CREATE DICTIONARY mysql_products_dict_direct(
`id` string,
`name` string,
`created_at` datetime64(3)
)
PRIMARY KEY id
SOURCE(MYSQL(
DB 'test'
TABLE 'products'
HOST '127.0.0.1'
PORT 3306
USER 'root'
PASSWORD 'my'
BG_RECONNECT true
))
LAYOUT(complex_key_direct());

CREATE STREAM orders (
`id` string,
`product_id` string,
`customer_id` string,
`country` string,
`city` string
);

SELECT *
FROM orders
JOIN mysql_products_dict_direct AS products
ON orders.product_id = products.id
SETTINGS join_algorithm = 'direct';

Explanation:

  • The dictionary mysql_products_dict_direct connects directly to MySQL.
  • Each new orders event probes MySQL on demand through the dictionary interface.
  • No in-memory hash table is built — Timeplus fetches and joins records as needed.
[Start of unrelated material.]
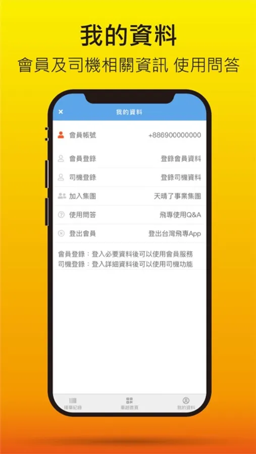 天晴飛專是天晴了事業集團中,提供司機註冊、司機接單服務的App後台,

Direct Join with Local Mutable Stream

In this mode, the right-hand side is a Timeplus Mutable Stream (with a primary key or secondary indexes). The join happens directly without explicitly building an in-memory hash table.

The following diagram illustrates this behavior:

DynamicEnrichmentJoinDirectMutable

Example:


CREATE MUTABLE STREAM products (
id string,
name string
)
PRIMARY KEY id;

CREATE STREAM orders (
id string,
product_id string,
quantity uint32
);

SELECT *
FROM orders
JOIN table(products)
ON orders.product_id = products.id
SETTINGS join_algorithm = 'direct';

Explanation:

  • products is a Mutable Stream keyed by id.
  • Each new orders event looks up the current record in products directly.
  • Timeplus avoids building and maintaining a large hash table, improving memory efficiency.
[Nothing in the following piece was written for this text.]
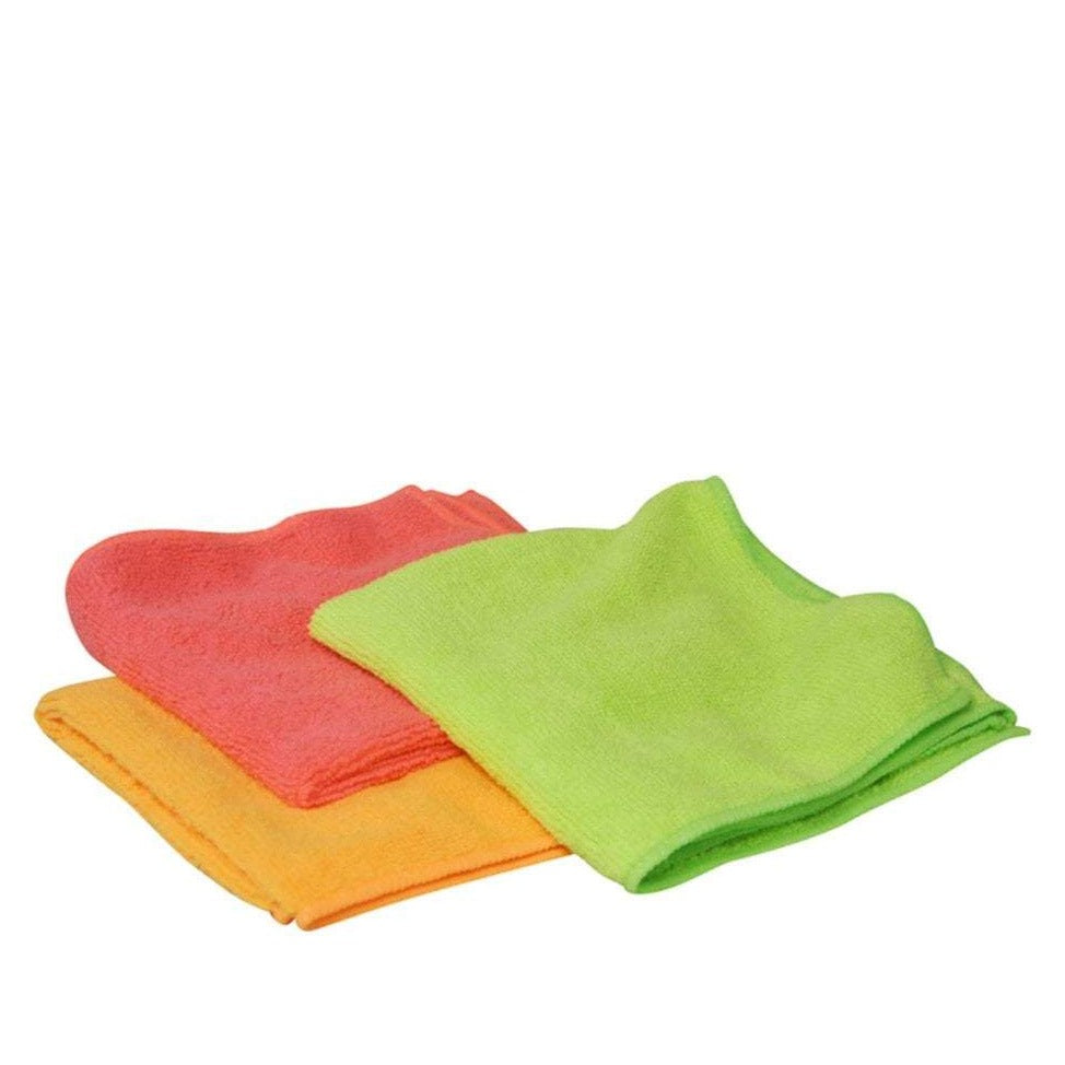 - Pack of 3 microfibre cloths - one of each colour (green, pink & orange)

Direct Join with Local Dictionary and Cache

You can provide a cache layer for Dictionary to speed up the direct join. There are several cache strategies, please refer to Dictionary for details.

The following diagram illustrates this behavior:

DynamicEnrichmentJoinDirectCache

Here is one example by using Timeplus Mutable stream as the cache layer for remote MySQL table.

Example:

CREATE MUTABLE STREAM mysql_mutable_cache (
id string,
name string,
created_at datetime64(3)
)
PRIMARY KEY id
SETTINGS
ttl_seconds=3600;

CREATE DICTIONARY mysql_products_dict_mutable(
id string,
name string,
created_at datetime64(3)
)
PRIMARY KEY id
SOURCE(MYSQL(
DB 'test'
TABLE 'products'
HOST '127.0.0.1'
PORT 3306
USER 'root'
PASSWORD 'my'
BG_RECONNECT true
))
LAYOUT(MUTABLE_CACHE(
db 'default'
stream 'mysql_mutable_cache'
update_from_source false
));

-- Direct join using mutable stream as the cache
SELECT *
FROM orders
JOIN mysql_products_dict_mutable AS products
ON orders.product_id = products.id
SETTINGS join_algorithm = 'direct';

Explanation:

  • Timeplus first checks the local mutable cache (mysql_mutable_cache).
  • If all required keys are found locally, the join completes without querying the remote MySQL database.
  • For any missing keys, Timeplus fetches them from MySQL, merges the results, and updates the local Mutable Stream with the newly fetched entries.
  • Each key stored in the Mutable Stream has a 1-hour TTL — once expired, it becomes eligible for garbage collection.
  • This hybrid model provides an optimal balance between speed (through local caching) and freshness (via on-demand remote lookups).

Similarly, here’s an example using a Hybrid Hash Table as the cache layer for a Dictionary — combining high performance and memory efficiency in a single solution.

CREATE DICTIONARY mysql_products_dict_hybrid(
id string,
name string,
created_at datetime64(3)
)
PRIMARY KEY id
SOURCE(MYSQL(
DB 'test'
TABLE 'products'
HOST '127.0.0.1'
PORT 3306
USER 'root'
PASSWORD 'my'
BG_RECONNECT true
))
LAYOUT(
HYBRID_HASH_CACHE( -- Use Hyrid Hash Table as the cache layer
TTL 3600 PATH 'hybrid_hash_dict_cache' max_hot_key_count 10000));